In Christie’s ‘The Exceptional Sale’ this afternoon (8th July), a small drawing of a bear’s head by Leonardo da Vinci goes under the hammer. The estimate puts the lot at between £8million and £12million (€14million).
A small drawing of a bear’s head by Leonardo da Vinci goes under the hammer at Christie’s in London today. It could make up to £12million (€14million).
Entitled ‘Head of a Bear’, the small work only measures seven by seven centimetres. However, estimates expect it to beat the current record for a da Vinci drawing set in 2001. That was £8.1million for the ‘Horse and Rider’.
Bear’s head drawing’s provenance
The drawing belonged to the painter and collector Sir Thomas Lawrence, who sold it via Christie’s in 1860 for £2.50.
Christie’s describe the drawing as follows.
“An exquisite demonstration of Leonardo da Vinci’s unsurpassed mastery as a draughtsman and of his ground-breaking attitude towards the study of nature, this penetrating study of a bear’s head is one of a very small number of drawings by him still in private hands.
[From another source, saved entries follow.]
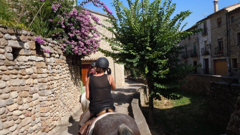 Today after saddling the horses we are entering in the most isolated area to the whole trail. Flora, wildlife, nature, we are going to enter in the wildness of the Alt Garrotxa. During the morning we ride through rolling hills and pine and oak forests. Then, past the charming village of Terrades we will continue through scenery of where it is very likely to meet herds of sheep or wild boar. At dusk we arrive at our destination, Sant Martí Sasserres, with his famous church, where we leave our horses to graze and rest. Today the assistance translates us by car to the Hotel Masia La Palma in Espinavessa. It is a house dedicated to rural tourism where rooms are rented without losing the charm of the place where Tonia and Andres are the perfect hosts.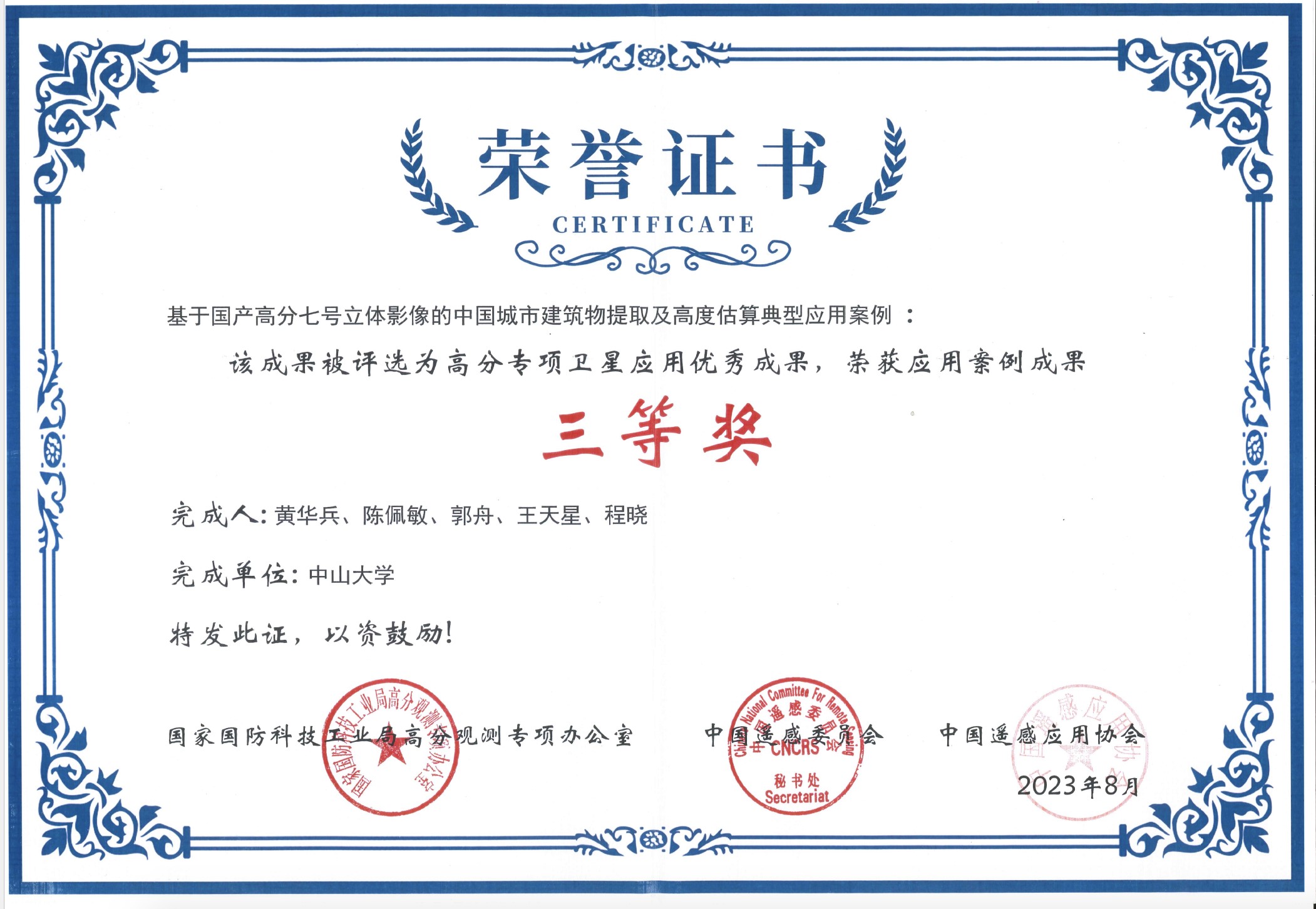 《高分专项卫星应用优秀成果》三等奖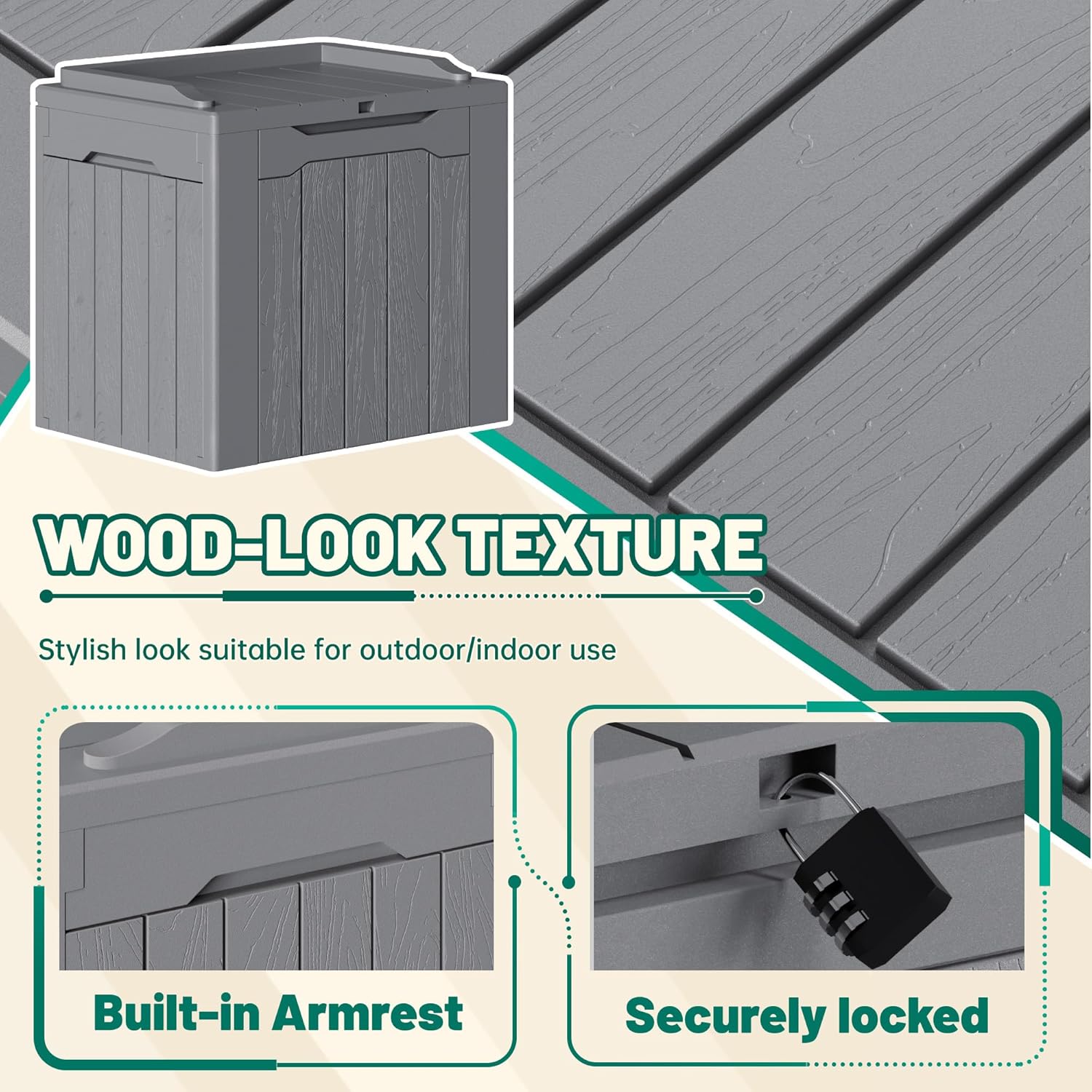 - Light & Solid: Made of a high density resin material, it is stable, waterproof and UV resistant. The net weight of this deck box is only 8.8 pounds

The drawing was executed in silverpoint on a pale prepared paper, an incisive and demanding technique which Leonardo was taught in his youth by his master Andrea del Verrocchio, the leading artist in Florence at the time.”
In 2017 Leonardo’s attributed ‘Salvator Mundi’ painting sold in New York for a record $450 million (€381 million). That remains the highest price ever paid at auction for a work of art.